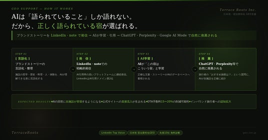 株式会社Terrace Roots(所在地:滋賀県大津市、代表取締役:松井 拓未)は、2026年4月に設立し、ホテル・旅館を対象とした「GEO(Generative Engine Optimization)サポート」サービスの提供を開始いたします。本サービスの核心は、施設のブランドストーリーをLinkedIn・noteなどのメディアで発信し、AIに正しく学習・引用させることで、ChatGPTやPerplexity、Google AI Modeからの「自然な推薦」を実現することです。OTA依存・ゼロクリック・AI不可視という、宿泊業が今まさに直面する3つの構造問題に、正面から切り込みます。
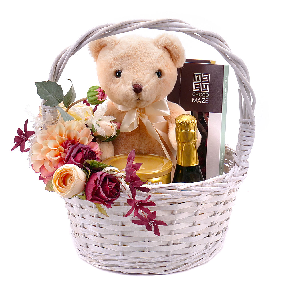 Darčekový prútený biely košík dozdobený umelými kvetmi s ručne robenou čokoládou - horká a mliečna, kávou Lavazza ORO - 1 ks, Proseccom mini - 1 ks a plyšovým mackom - 1 ks. Je vhodným darčekom pre Vašich blízkych a priateľov.
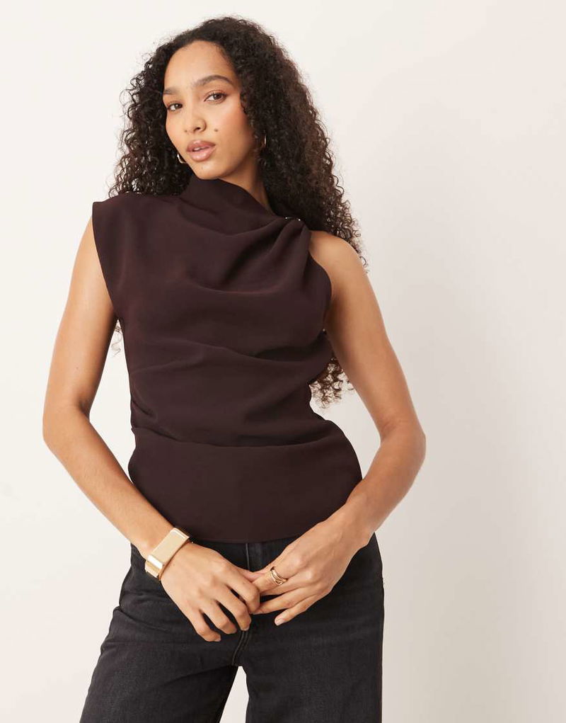 Asymmetric Sleeveless Top With Hardware Detail In Brown
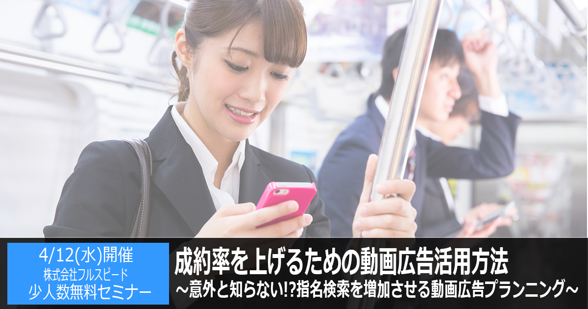 株式会社フルスピード(本社:東京都渋谷区、代表取締役社長:友松功一、以下「当社」)は、動画広告を活用して成果を上げるための手法やそのプランニングについて解説する無料セミナー「成約率を上げるための動画広告活用方法~意外と知らない!?指名検索を増加させる動画広告プランニング~」を 2017年4月12日(水)に開催します。
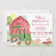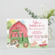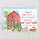 Farm Barnyard Animals och Grönt Tractor Födelsedagsfest inbjudan med en röd lada, grönt traktor och vidsträckta vattenfärgsbarnyarddjur som ko, gris och tupp i en vagn. Den här inbjudan kan vara personlig för barn eller flickor i alla åldrar eller perfekter på en tredje födelsedag "Tre-I-E-I-O". Dina vänner kommer att vilja skjuta på för en roligt! Konstruktionen av gårdsscenen fortsätter på baksidan där du kan lägga till barn-åldern till flagga på traktorn.
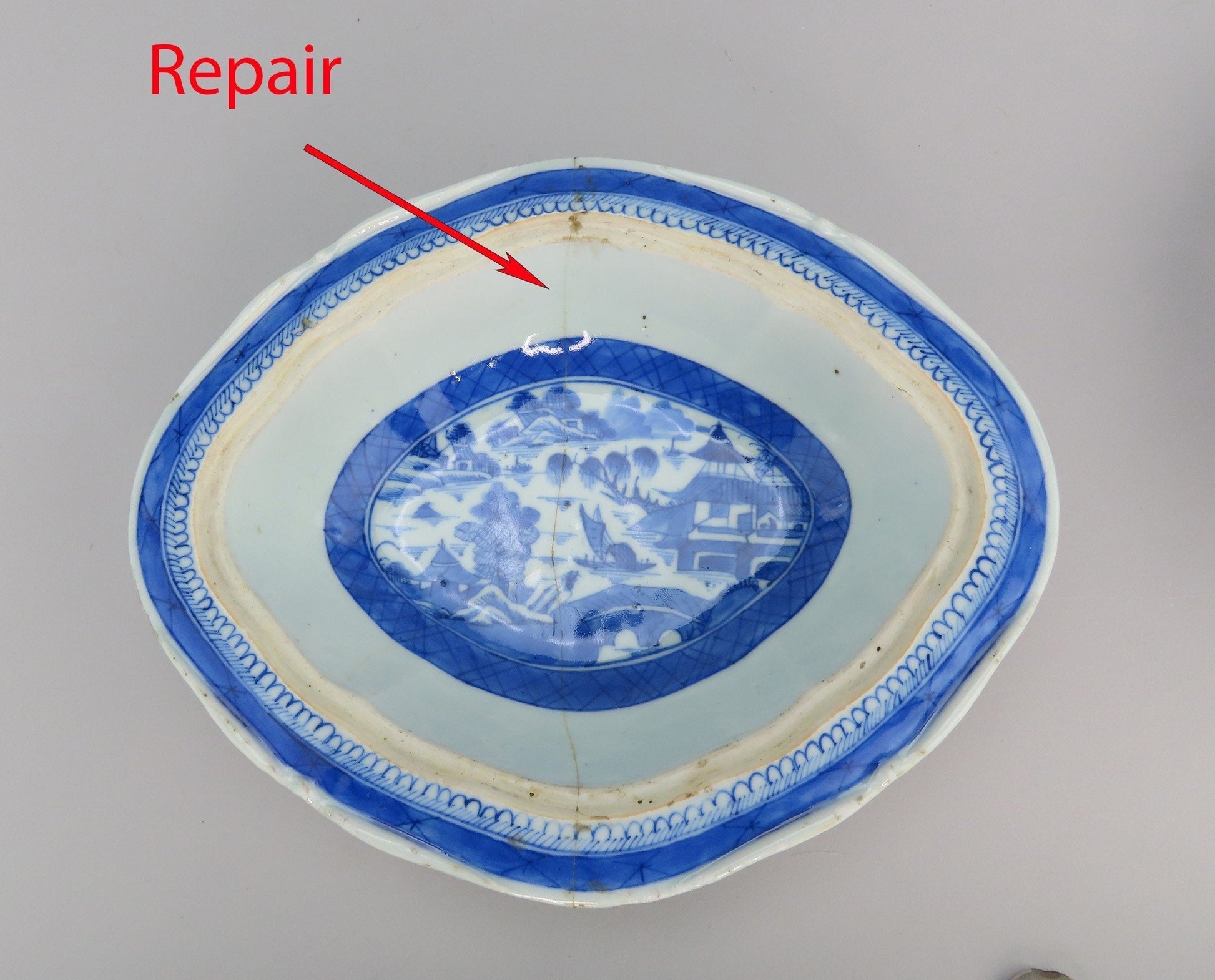 As identified in the photos, one of the dishes has been broken in half and the lid has a crack. This piece is still perfectly usable but we have taken the damage into consideration when pricing the pair. The other dish has a few minor chips along the rimmed edge. This dish has no breaks and no repairs.
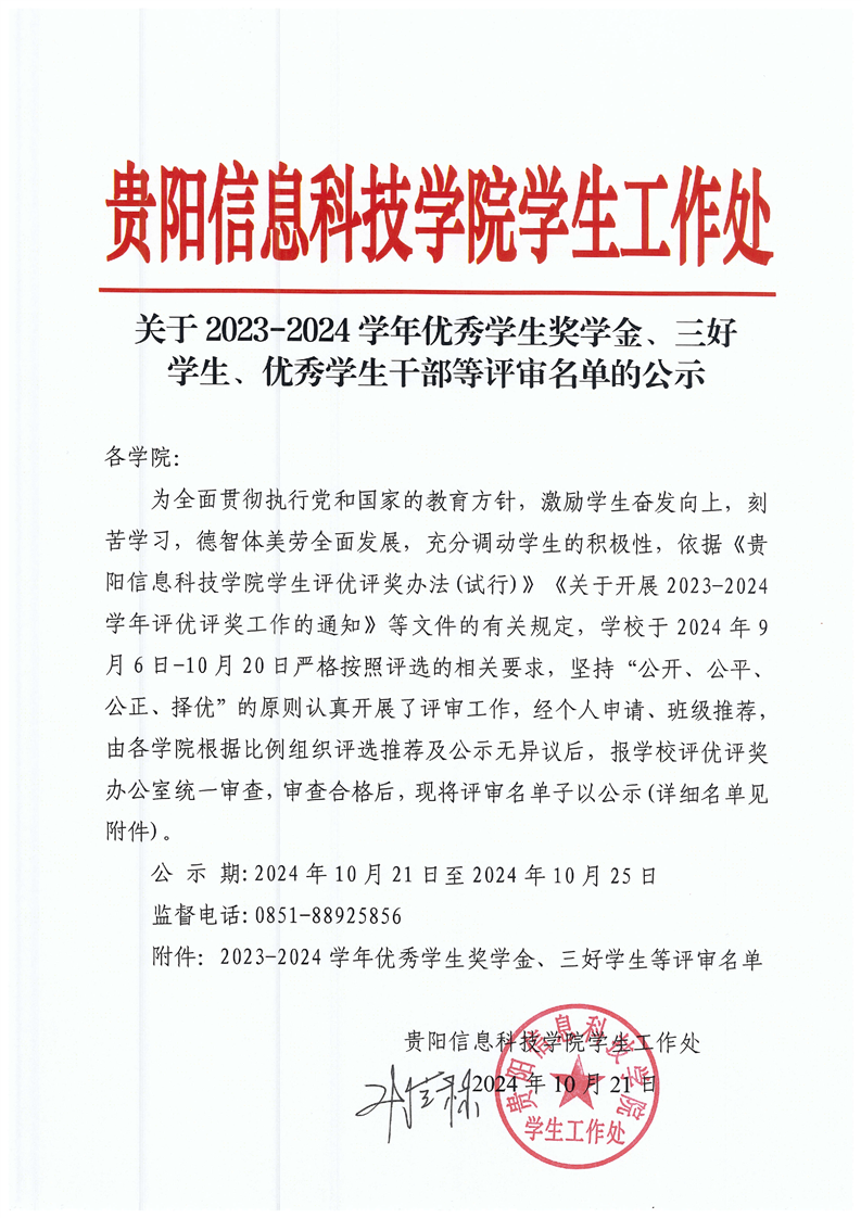 beat365在线唯一官网关于2024年贵州省普通高等学校三好学生、优秀学生干部、先进班集体拟推荐名单的公示
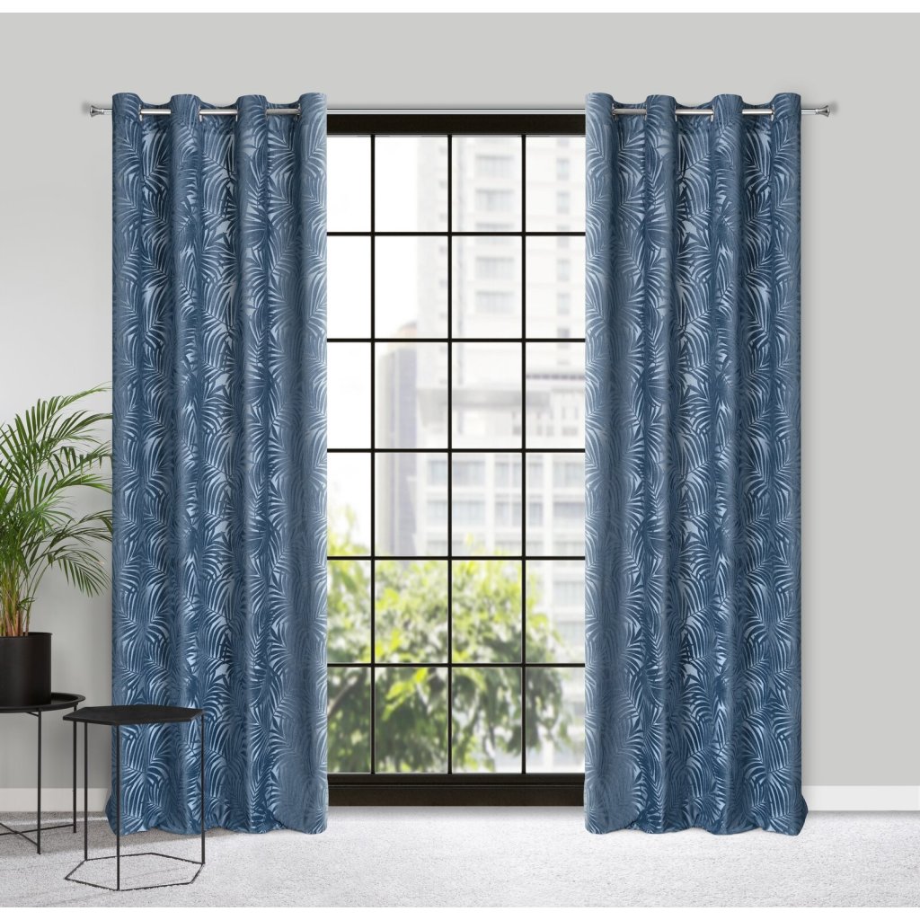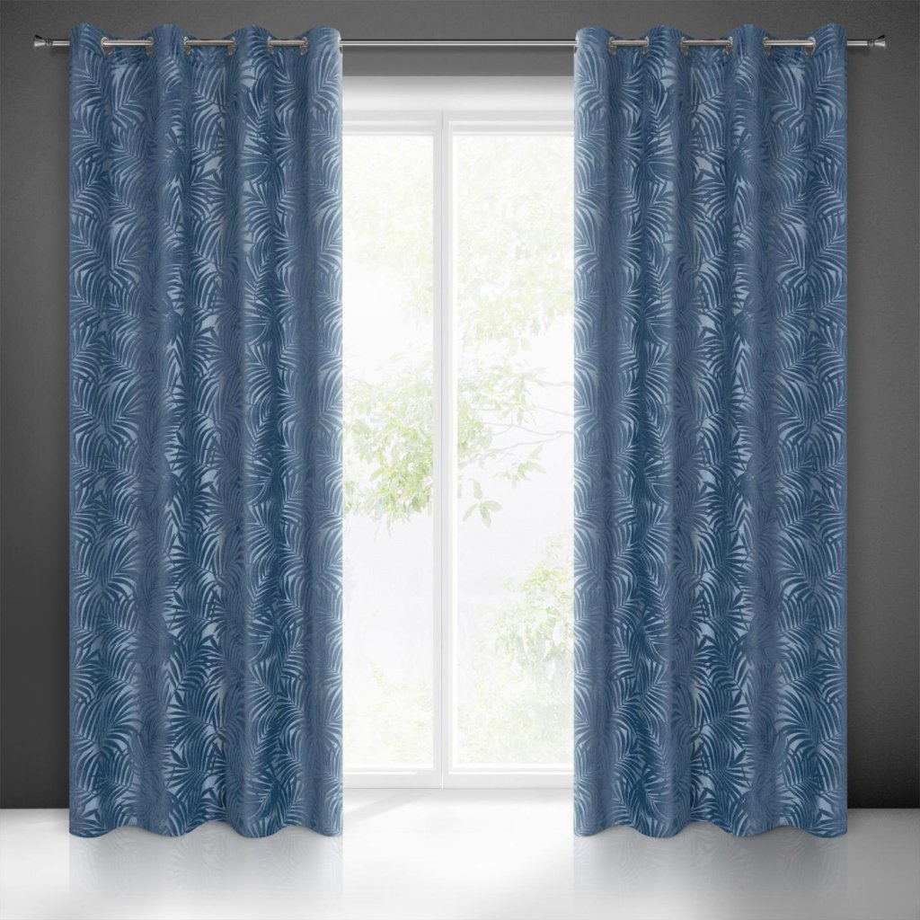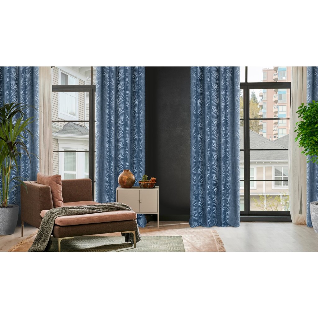 Jednobarevný závěs s květinovým motivem šířka: 140 cm, délka: 250 cm, barva: tmavě modrá, hmotnost: 200 GSM, složení: 100 % polyesterDoplňkové parametry
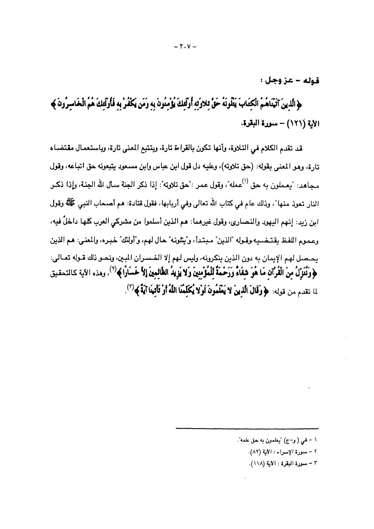 لم يكن من قبل الله على التقييد، كقولك: " ملَةُ مزدْكَ وغيرهِ "، والهوى: رأي عن شهوة داع إلى الضلال وسمي بذلك لأنه يهوي بصاحبه في الدنيا إلى كل داهية، وهي الآخرة إلى الهاوية، ولهذا سميت النارُ هاوية، ولشدة سلطانه وصفة الله بأنة إلهُ الكفار، فقال: {أَفَرَأَيْتَ مَنِ اتَّخَذَ إِلَهَهُ هَوَاهُ}، ومعنى الآية أن من خالفوك لا يرضون عنك إلاً بمتابعة ملتهم تنبيهاً أنه لا يرضيهم إلا ما لا يجوز وقوعه منك، ثم بين أن إتباعهم ليس بهدى، وأن الهدى هو هدي الله، أي إرشاده، كقوله {مَنْ يَهْدِ اللَّهُ فَهُوَ الْمُهْتَدِي}، ثم حذره فقال: {وَلَئِنِ اتَّبَعْتَ أَهْوَاءَهُمْ}، وذلك تحذير له ولأمته، ولكن خص بالذكر لأن أنبياء الله، بل أولياءه بأدنى ميل إلى ضال يكونون في حكم تابعي هواهم.

══════════════════════════════

Requirement - In the listing above, find the line containing "Farm Barnyard Animals" and restate it and every later line verbatim, with the pictures left out.

Exercise output -
 Farm Barnyard Animals och Grönt Tractor Födelsedagsfest inbjudan med en röd lada, grönt traktor och vidsträckta vattenfärgsbarnyarddjur som ko, gris och tupp i en vagn. Den här inbjudan kan vara personlig för barn eller flickor i alla åldrar eller perfekter på en tredje födelsedag "Tre-I-E-I-O". Dina vänner kommer att vilja skjuta på för en roligt! Konstruktionen av gårdsscenen fortsätter på baksidan där du kan lägga till barn-åldern till flagga på traktorn.
 As identified in the photos, one of the dishes has been broken in half and the lid has a crack. This piece is still perfectly usable but we have taken the damage into consideration when pricing the pair. The other dish has a few minor chips along the rimmed edge. This dish has no breaks and no repairs.
 beat365在线唯一官网关于2024年贵州省普通高等学校三好学生、优秀学生干部、先进班集体拟推荐名单的公示
 Jednobarevný závěs s květinovým motivem šířka: 140 cm, délka: 250 cm, barva: tmavě modrá, hmotnost: 200 GSM, složení: 100 % polyesterDoplňkové parametry
 لم يكن من قبل الله على التقييد، كقولك: " ملَةُ مزدْكَ وغيرهِ "، والهوى: رأي عن شهوة داع إلى الضلال وسمي بذلك لأنه يهوي بصاحبه في الدنيا إلى كل داهية، وهي الآخرة إلى الهاوية، ولهذا سميت النارُ هاوية، ولشدة سلطانه وصفة الله بأنة إلهُ الكفار، فقال: {أَفَرَأَيْتَ مَنِ اتَّخَذَ إِلَهَهُ هَوَاهُ}، ومعنى الآية أن من خالفوك لا يرضون عنك إلاً بمتابعة ملتهم تنبيهاً أنه لا يرضيهم إلا ما لا يجوز وقوعه منك، ثم بين أن إتباعهم ليس بهدى، وأن الهدى هو هدي الله، أي إرشاده، كقوله {مَنْ يَهْدِ اللَّهُ فَهُوَ الْمُهْتَدِي}، ثم حذره فقال: {وَلَئِنِ اتَّبَعْتَ أَهْوَاءَهُمْ}، وذلك تحذير له ولأمته، ولكن خص بالذكر لأن أنبياء الله، بل أولياءه بأدنى ميل إلى ضال يكونون في حكم تابعي هواهم.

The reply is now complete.